А теперь он снова здесь.

* * *

– Йотуна мать! – при виде Ингера Свенгельд, на миг забыв о важной новости, хлопнул себя по бедру. – Это кто ж тебя так отделал?

– Кто отделал, того позади везут, – Ингер концом плети показала себе за спину, где остались волокуши с добычей. – Вы… Радовед…

Он начал соображать, что означает появление этого человека. Странное дело: казалось, именно этого он с таким нетерпением ждал уже почти два месяца, с тех пор как сам вернулся, но вот, когда объявилась часть пропавшего войска, не сразу узнал свое счастье.

Если это счастье…

– Воротились мы, княже! – Радовед с достоинством поклонился. – Я, да Холодило, да Понег, да, Добрила, да Любята, да Сурогость и иные некие мужи с отроками своими. На двухстах лодьях. Тысяча человек и еще семь сотен. Нынче утром вот. Прости, не упредили, да мы с Витичеве одну только ночь скоротали, во тьме пришли, во тьме ушли. Бронигостя мы больным привезли, жене на руки сдали, он и не вышел нас проводить. Гонца не по мысли ему было послать, видно. Хорошо, Свенгельд вот нам припасов дал кое-каких, а то мы уж по дороге у оратаев жито покупали, где были лишки…

Постепенно тревога Ингера утихла, лицо разгладилось и посветлело. Он даже забыл о боли.

– Двести лодий, говоришь? – он соскочил с коня и шагнул к Радоведу. – Отроков тысяча и семь сотен?

От радости зашумело в голове. Тысяча семьсот человек! Огромное войско – хотя и лишь пятая часть того, что отсюда уходило весной. Эти люди живы… судя по именам бояр, все это ратники разных земель, но в основном поляне. Тысяче родов этот день принес счастье, вернет живыми отцов и братьев, тех, кого в начале осени едва не похоронили!

– Друг ты мой дорогой! – Ингер обнял Радоведа.

– Да уж мы как рады! – тот, выпустив молодого князя из объятий, смахнул слезу, что так странно смотрелась на его суровом, сильно загоревшем за лето лице. – И сами что дома… и что ты жив.
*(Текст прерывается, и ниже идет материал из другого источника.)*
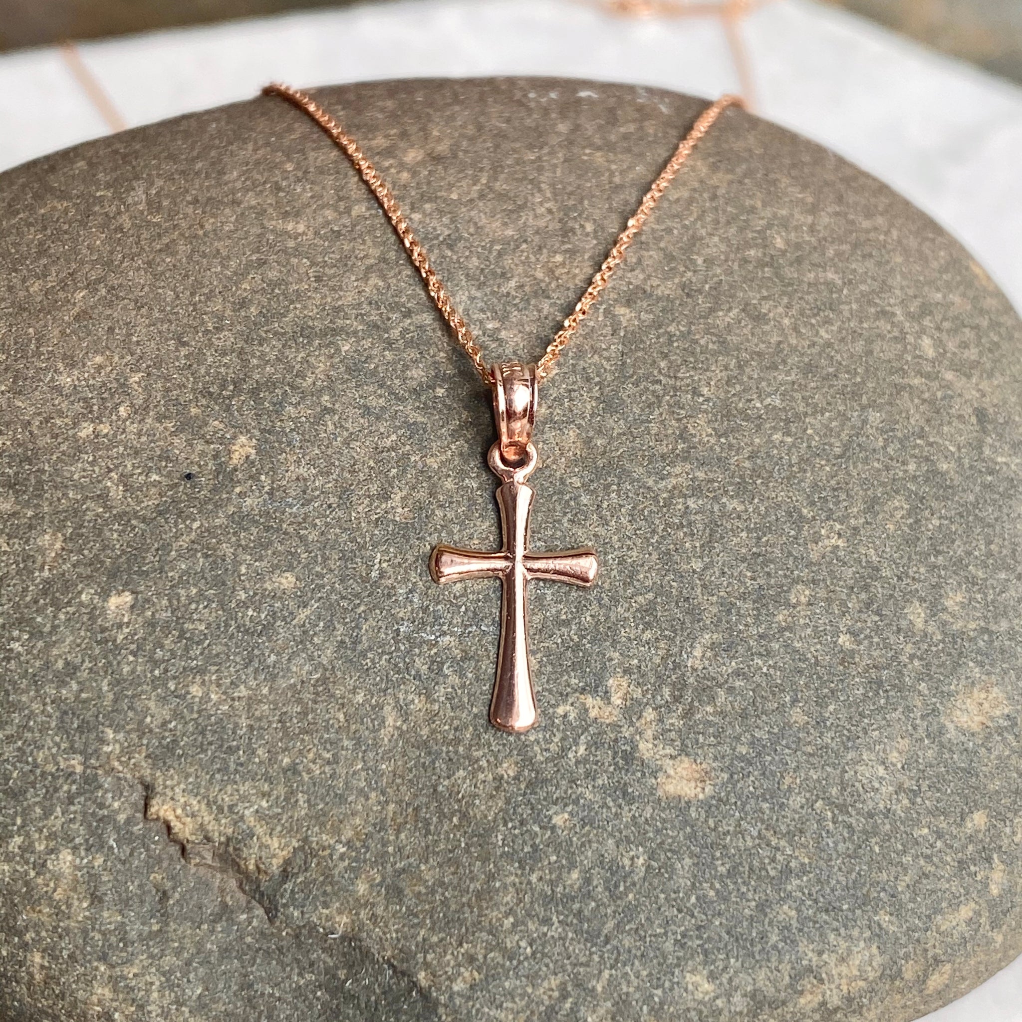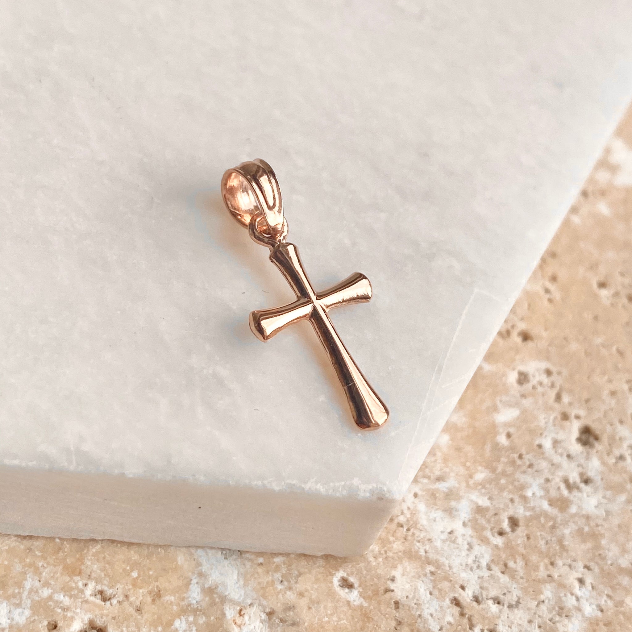 14KT rose gold beveled cross pendant charm. Simply slide this pretty charm on a thin chain necklace or add it onto a charm bracelet! Chains sold separately.

Воевода нас обрадовал уж, – он оглянулся на Свенгельда, который наблюдал за ними, ухмыляясь во весь рот. – Мы ж не ведали, жив ли ты, княже! Как потеряли тебя в той пасти огненной, так и все…

Добыча пришлась кстати: Ингер велел отдать прибывшим обе туши, лося и медведя, и те сразу принялись жарить и варить мясо. На днях ратники разойдутся по своим городцам и весям, часть уже и ушла – те, кто жил ниже Киева по Днепру, – но пока нужно было накормить и устроить на отдых тысячу семьсот человек. В этот вечер Ингер пожалел, что еще не ходил в гощение и не собрал положенную ему долю хлеба и прочего добра: с полян князь брал больше съестными припасами и полотном. Уже подвозили хлеб, рыбу, репу, капусту – оказывается, Ельга-Поляница послала челядь к киевским боярам, еще до того как Ингер вернулся с лова. Часть людей еще до того разослали по большим киевским дворам.
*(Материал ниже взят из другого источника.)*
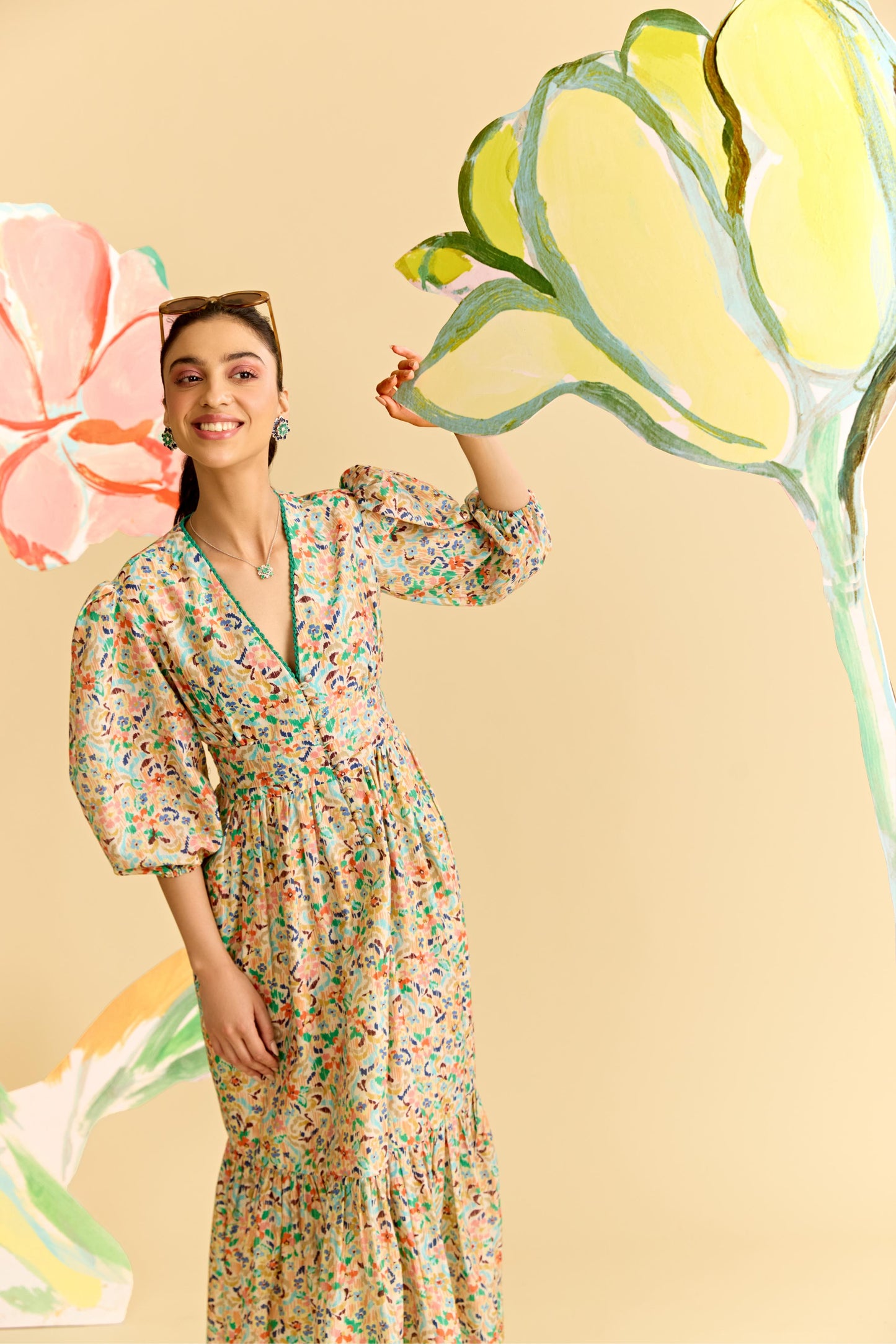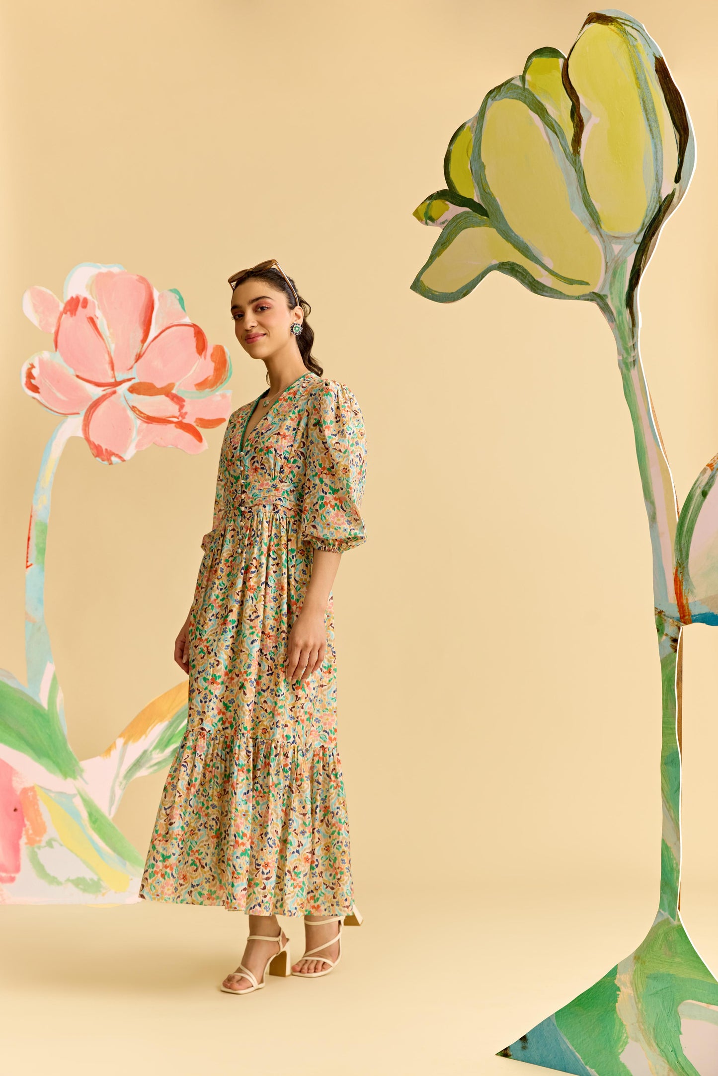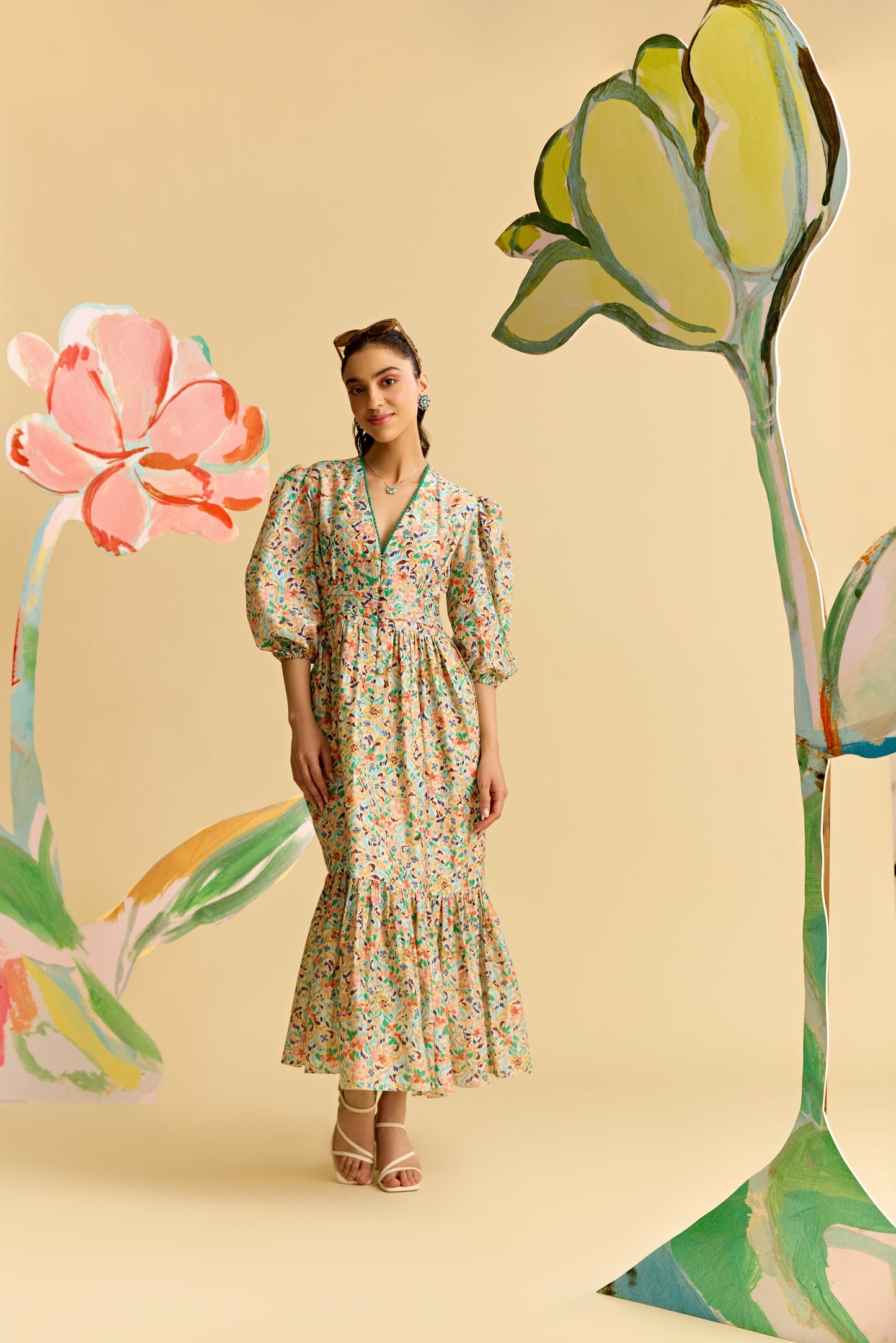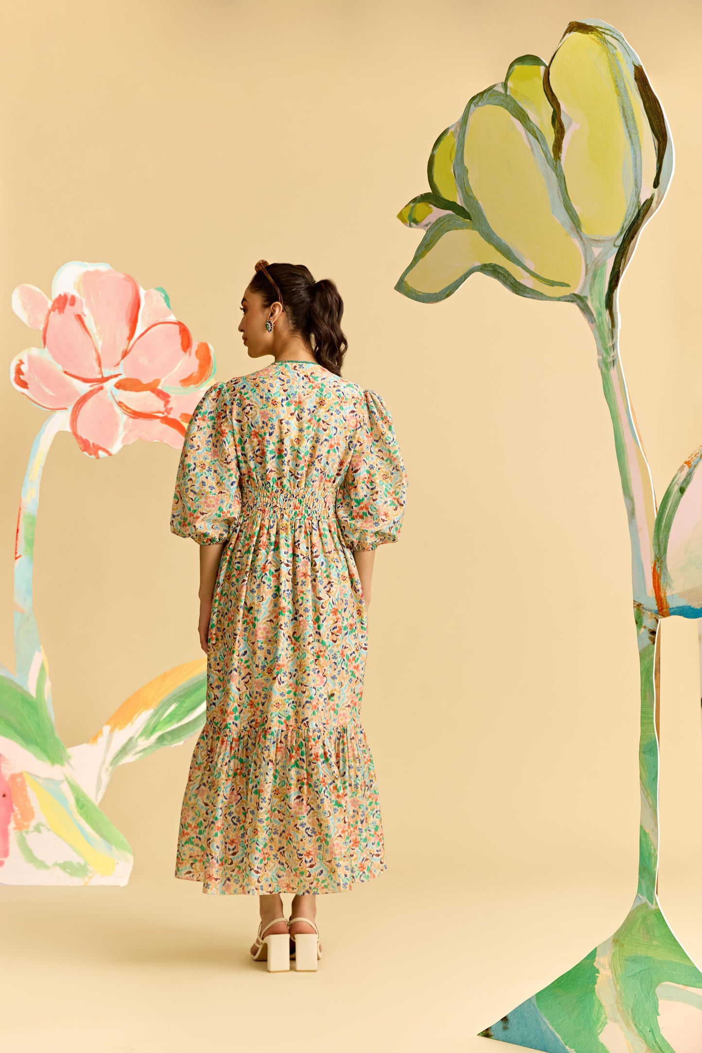 Ivory Multicoloured Printed Dress.

Сама Ельга-Поляница тоже обнаружилась в доме, который заняла дружина Радоведа. Для приехавших полагалось устроить пир на княжеском дворе, но пока сам князь и его ближники сидели в неуютном, еще толком не протопленном дружинном доме и жадно расспрашивали Радоведа и других. Выяснилось, что Свенгельд не ошибся с предсказанием: в сумятице огненной битвы часть дружины успела повернуть назад, выйти из пролива обратно в Греческое море и отойти на восток, вдоль побережья Вифинии. Мелководье не позволяло глубоко сидящим олядиям подойти к русским лодьям на тридцать шагов, а значит, защищало их от обстрела жидким огнем. Русов и варягов там собралось более пяти тысяч. Ингер охнул, узнав, как много, оказывается, уцелело от войска, которое он в упадке духа счел погибшим. Но воспользоваться этими силами он, ушедший от пролива на запад, все равно не смог бы. Целых пять дней десяток олядий сторожил, не давая русам двинуться с места. Даже знай они, что князь жив и ждет их к западу от пролива, попытка прорваться к нему привела бы к еще одному огненному разгрому и гибели сотен, тысяч людей.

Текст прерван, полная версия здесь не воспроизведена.